Sur la ligne finale, installée devant le stade Marchand, les bénévoles offraient de l’eau et des fruits tandis que les médecins prenaient tension artérielle et fréquence cardiaque. Un rappel concret : l’activité physique doit rester progressive et encadrée.
« La solidarité exemplaire observée ce matin prouve que la prévention appartient à tous », a déclaré José Cyr Ebina au micro. L’ancien parlementaire a révélé travailler à l’ouverture d’un centre de mammographie mobile pour rapprocher le dépistage des quartiers périphériques.
Des projets novateurs sur la ligne d’horizon
Le centre, équipé d’un mammographe numérique et d’une mini-unité de biopsie, devrait voir le jour courant 2024 si le financement se confirme. Il viserait prioritairement les marchés populaires, où le coût et la distance freinent encore de nombreuses femmes.
L’Association Lion d’or ne compte pas s’arrêter à Octobre rose. Déjà, ses équipes préparent Novembre bleu à Pointe-Noire, consacré à la santé masculine, puis Décembre rouge à Dolisie, focalisé sur la lutte contre le VIH-sida.
Cette stratégie annuelle, inspirée des campagnes internationales, offre un calendrier lisible aux partenaires et aux donateurs. Elle permet surtout d’entretenir la dynamique communautaire, gage selon Ebina de « changer les comportements de manière durable et collective » dans tout le pays.
Un écho favorable chez les autorités sanitaires
Présente à la conférence, une représentante du ministère de la Santé a salué l’initiative, assurant que les résultats viendront nourrir le Plan national cancer. Selon elle, le maillage associatif complète utilement l’offre publique, notamment dans les quartiers à forte densité.
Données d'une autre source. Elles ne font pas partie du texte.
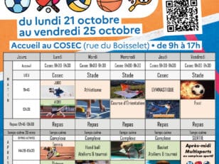Du lundi 21 octobre au vendredi 25 octobre 2024 de 9h à 17h au COSEC, rue du Boisselet, Vos enfants pourront s’amuser, se dépenser, et pratiquer ...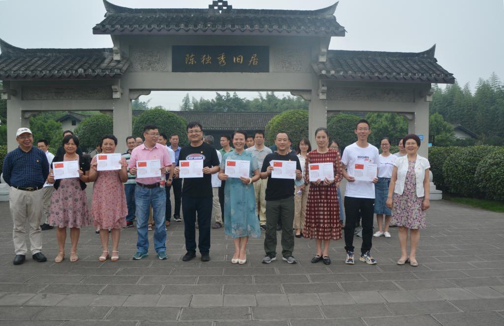 在陈独秀旧居陈列馆广场,学院党委书记万朝晖带领全体党员重温入党誓词,并给6月入党的教师党员过集体政治生日会,颁发了政治生日贺卡。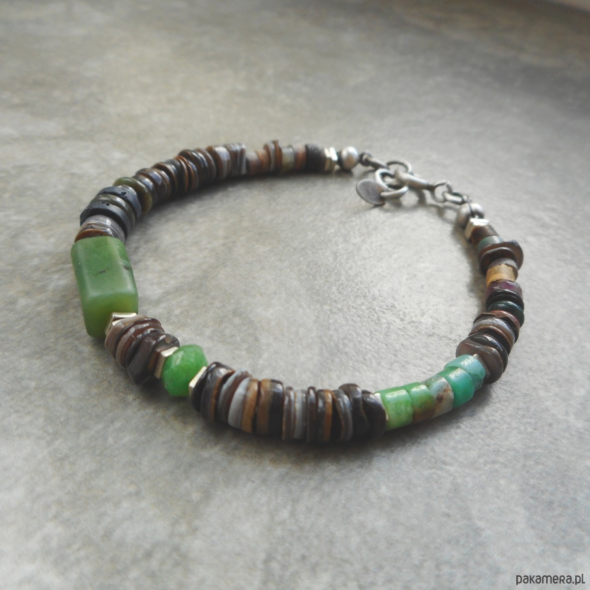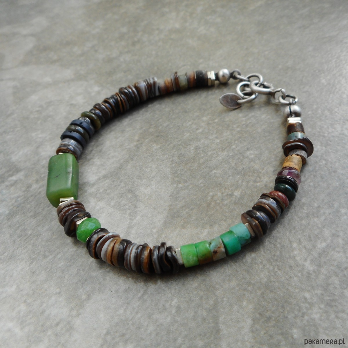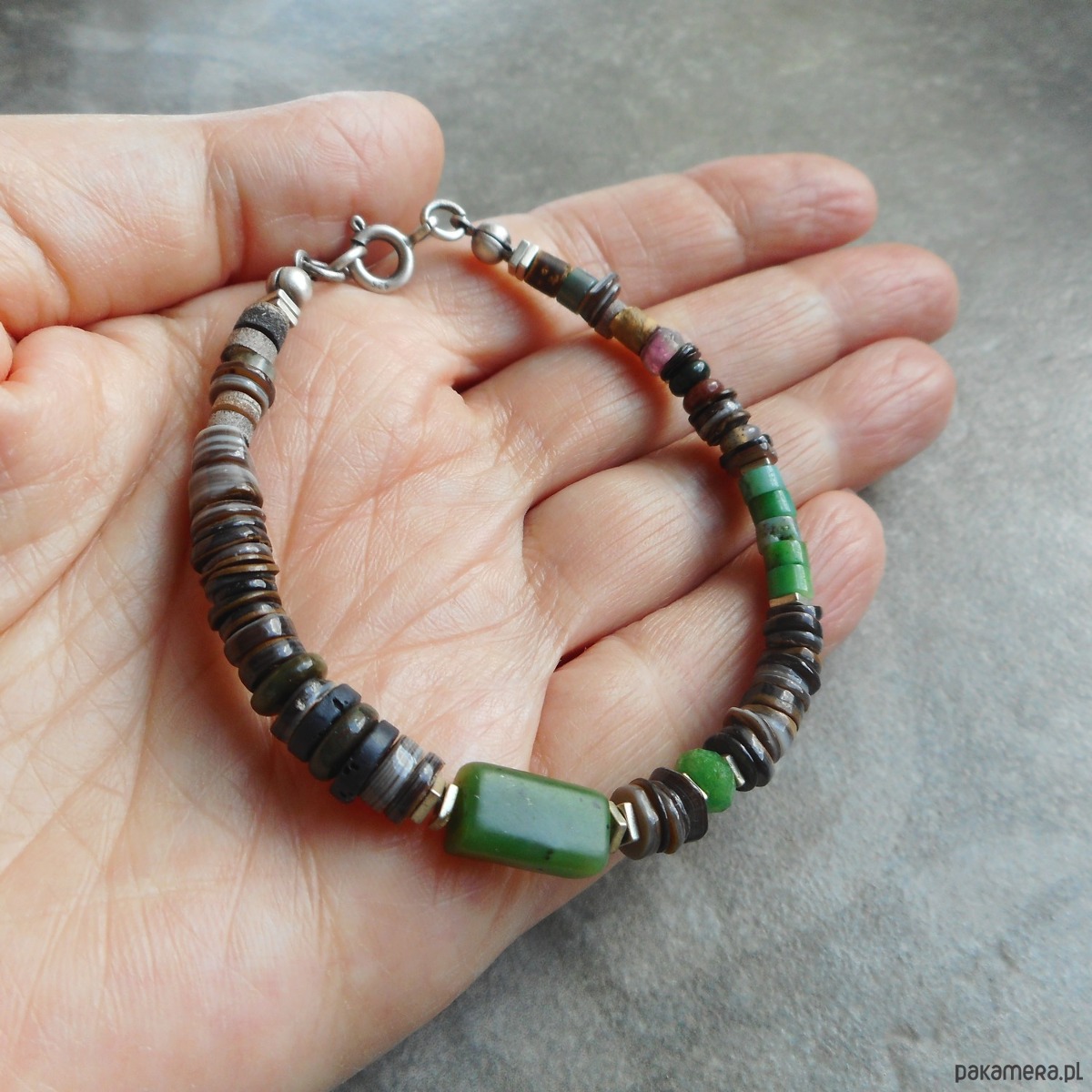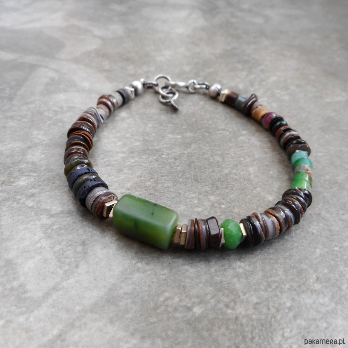 Bransoletka z kamieni naturalnych i szlachetnego srebra; prosta w formie, w kolorach ziemi.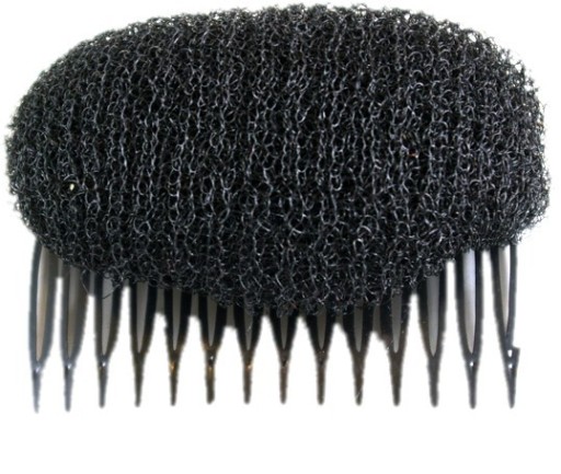 Umocuj grzebień wsuwając go we włosy tak, by powstał możliwie ścisły kok. Delikatnie rozłóż włosy na całej długości wypełniacza, aby szczelnie go przykryły. Podepnij wsuwkami. Wypełniacz wykonany jest z wysokiej jakości siatki. Wygodny i lekki kształt powoduje, że zapomnisz, że masz go na głowie.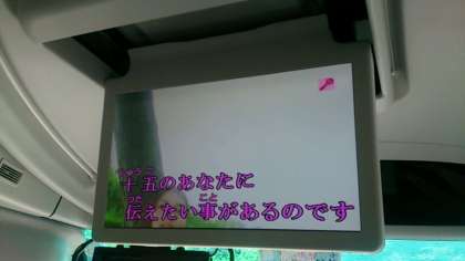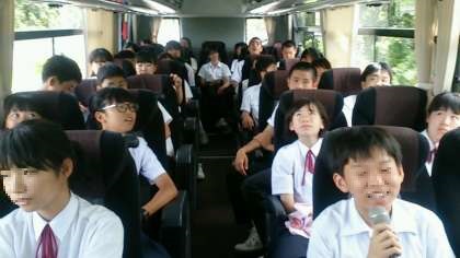 大村SAを出発しました。バスは博多駅を目指します!車内では、早速カラオケ大会、第4弾!です。何んと!合唱コンクールの3年生課題曲、「手紙」〜拝啓 15の君へ〜が飛び出しました!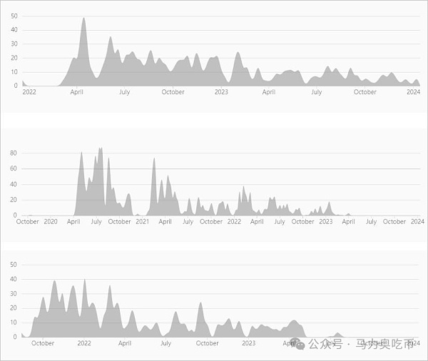 图表 16:代码提交记录对比,从上至下分别为 PendleFinance、YieldProtocol、SenseFinance

Le service de communication du CHU de Brazzaville confirme, de son côté, un regain de fréquentation des structures de dépistage pendant Octobre rose. Les rendez-vous pour mammographies seraient passés de 25 à 40 par semaine depuis le lancement de la campagne.
Entre expertise médicale, activité sportive et perspectives concrètes, l’opération Lion d’or illustre la montée en puissance d’une société civile engagée pour la santé au Congo-Brazzaville. La prochaine étape se jouera à Pointe-Noire, avec la même ambition de rassemblement.